The EM algorithm is a widely used tool in maximum-likelihood estimation
in incomplete data problems. Existing theoretical work has focused on
conditions under which the iterates or likelihood values converge, and the
associated rates of convergence. Such guarantees do not distinguish whether
the ultimate fixed point is a near global optimum or a bad local optimum of
the sample likelihood, nor do they relate the obtained fixed point to the global
optima of the idealized population likelihood (obtained in the limit of infinite
data). This paper develops a theoretical framework for quantifying when and
how quickly EM-type iterates converge to a small neighborhood of a given
global optimum of the population likelihood. For correctly specified models,
such a characterization yields rigorous guarantees on the performance of certain
two-stage estimators in which a suitable initial pilot estimator is refined
with iterations of the EM algorithm. Our analysis is divided into two parts:
a treatment of the EM and first-order EM algorithms at the population level,
followed by results that apply to these algorithms on a finite set of samples.
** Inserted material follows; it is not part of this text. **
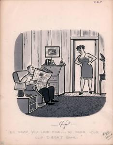 Skip to main content Collections MenuExpandMy CollectionView PDFYes, dear, you look fine... No, dear, your slip doesn't show.PreviousNext 300 x 300 (Download)Yes, dear, you look fine... No, dear, your slip doesn't show.Artist Don Tobin (American, 1916 - 1995)Dateno dateClassificationsCartoonMediumInk and ink washDimensionsSheet: 14 5/16 × 11 1/4 in. (36.3 × 28.6 cm)Credit LineLibrary TransferKeyword/SubjectdomestichumorObject number1989.051 Discover More You go ahead, dear. I'll stay here and study this one.Don Tobinn.d.It's nothing to me what your little boy did with your ticket.Don Tobinno dateI don't care if he is your rich uncle I think we're going to too much trouble for his visit!Don Tobinno dateHello, Mother-We Were Just Talking About You.Don Tobinno dateI'm sorry folks, these seats are saved.Don Tobinn.d.Boy! Carry Mr. Brown and his groceries out to his carDon Tobinn.d.George, the most wonderful thing happened today! We got a $130 refund on our income tax!Don Tobinn.d.When I get married I'm going to have a simple wedding with hamburgers;Don Tobinno dateThat Plate is Dry Enough!Don Tobinno dateIt says here that in fifty years all this drudgery will be done for us by atomic energy.Don Tobinno dateI'm afraid you're sitting in his favorite chair, Mabel.Don Tobinn.d.Smells good- what is it?Don Tobinn.d. Powered by eMuseum

Our conditions allow for a characterization of the region of convergence of
EM-type iterates to a given population fixed point, that is, the region of the
parameter space over which convergence is guaranteed to a point within a
small neighborhood of the specified population fixed point. We verify our
conditions and give tight characterizations of the region of convergence for
three canonical problems of interest: symmetric mixture of two Gaussians,
symmetric mixture of two regressions and linear regression with covariates
missing completely at random.